Colette had a Nordic crepe (salmon, chives and lemon sauce); me a mixed crepe of my own concoction – fresh mushrooms, ham and cheese – hers better than mine which was drippy and needed something.
We both had green salads with some of the best lettuce of the year but with a subpar dressing.
Finally Colette had a crepe with beurre sale caramel which was superterrific.
Our bill, with a bottle of St Nicholas de Bourgueil, no bottled water, Brittany beer or cider nor coffee, was 36.20 E.
Luncheon Day 4 was at the Mutin Gourmand in Crozon. 
I had the 44 E menu which featured a langoustine-mushroom croustillant and large but tasteless lobster claw, one of the two fish of the day (caught by one of the owners’ closest friend/fishermen) – a turbot-, and strawberries with melon ice and whipped cream.
Collette instead went with the 22 E other “beautiful” fish of the day – a bar – as well as selections from the house’s huge cheese chariot (7.50 E) from M. Bordier (he of St. Malo butter fame).
With a bottle of Muscadet (that our host said was very popular in New York) and a fuller-bodied white for Colette’s cheese, no bottled water, 3 magnificent breads and two more pathetic coffees, our bill was 107.50 E.
That night we dined at a pizzeria, La Marina in Plonevez-Porzay.
Collette had a 4 Seasons pizza (peppers, artichokes, ham, mushrooms, cheese and tomato and I had a Napolitaine with too-strong, even for me, too-salty and too-in-your-face anchovies, tomato, olives, capers and cheese.

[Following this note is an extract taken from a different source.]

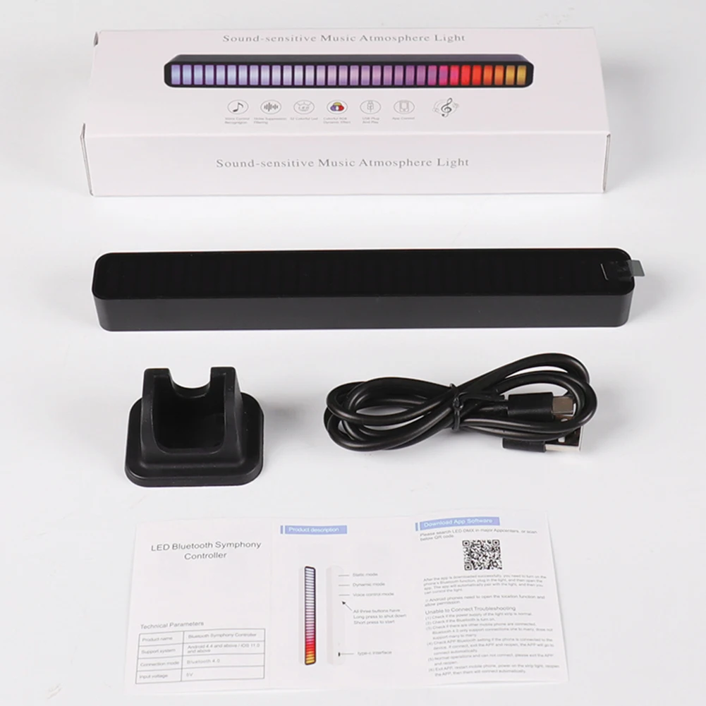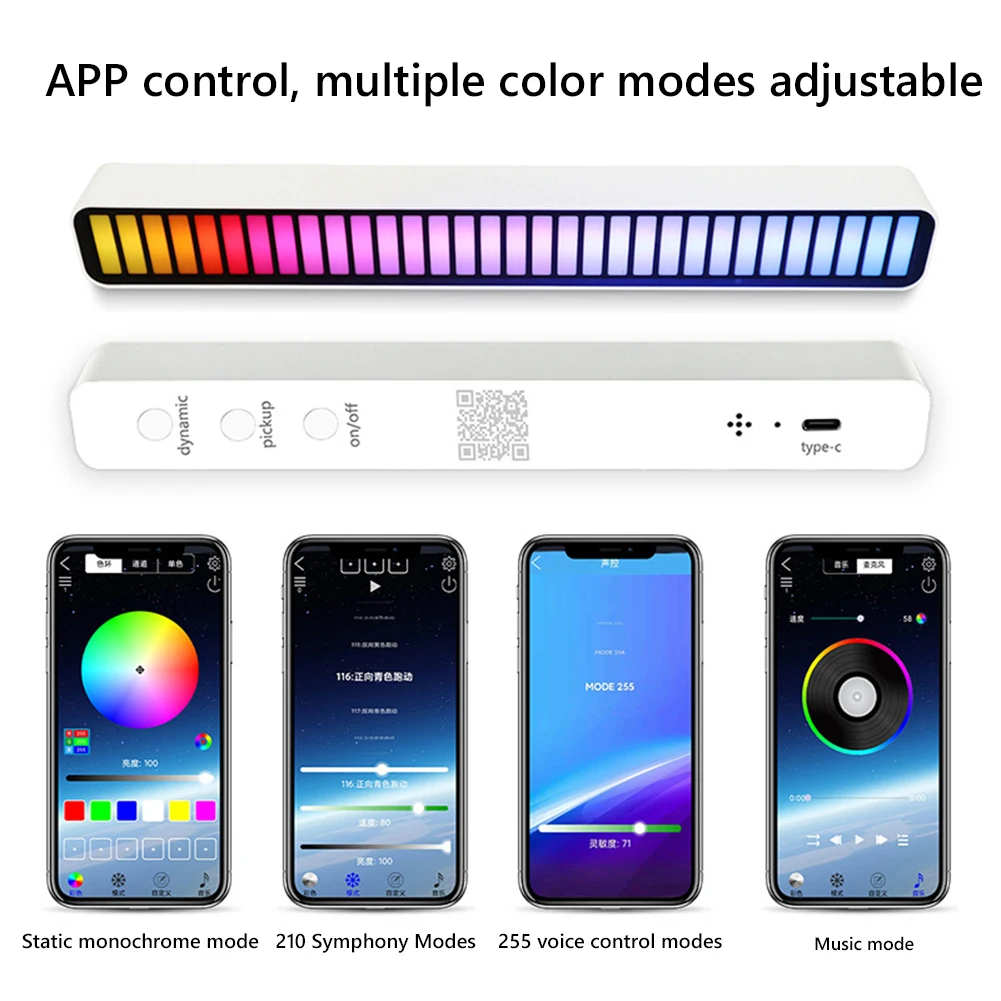 Type-C перезаряжаемый пульт управления с помощью приложения RGB цветная трубка 32 светодиодный звукосниматель с активированным звуком Ритм Светильник музыкальная атмосфера окружающая лампа бар для автомобиля Вечерние

The bill after a bottle of Bardolino, no bottled water, coffee or dessert, was 35.80 E
Our final day we were headed back to the TGV in Rennes and stopped for lunch in Josselin at Du Chateau sited just across from the Chateau itself.
I had the menu terroir and started off with oysters.
Then for mains, Colette had sandre with a lemon, cider and butter sauce which had a dynamite ratatouille and wonderful strips of celeriac while I had an absolutely tasteless sautéed pintade with roast apple slices, spicy mashed potatoes, boiled tomatoes and a zucchini stuffed with caviar d’aubergines and - I swear - red pepper flakes that was really peppy.
Desserts were a warm Kouign Aman with ice cream for Colette and a delicious caramel beurre salé “gateau.”
With a bottle of the Emperatrice Eugenie Tursan wine, no bottled water, two coffees, passable bread and fine butter, our bill was 75.40 E.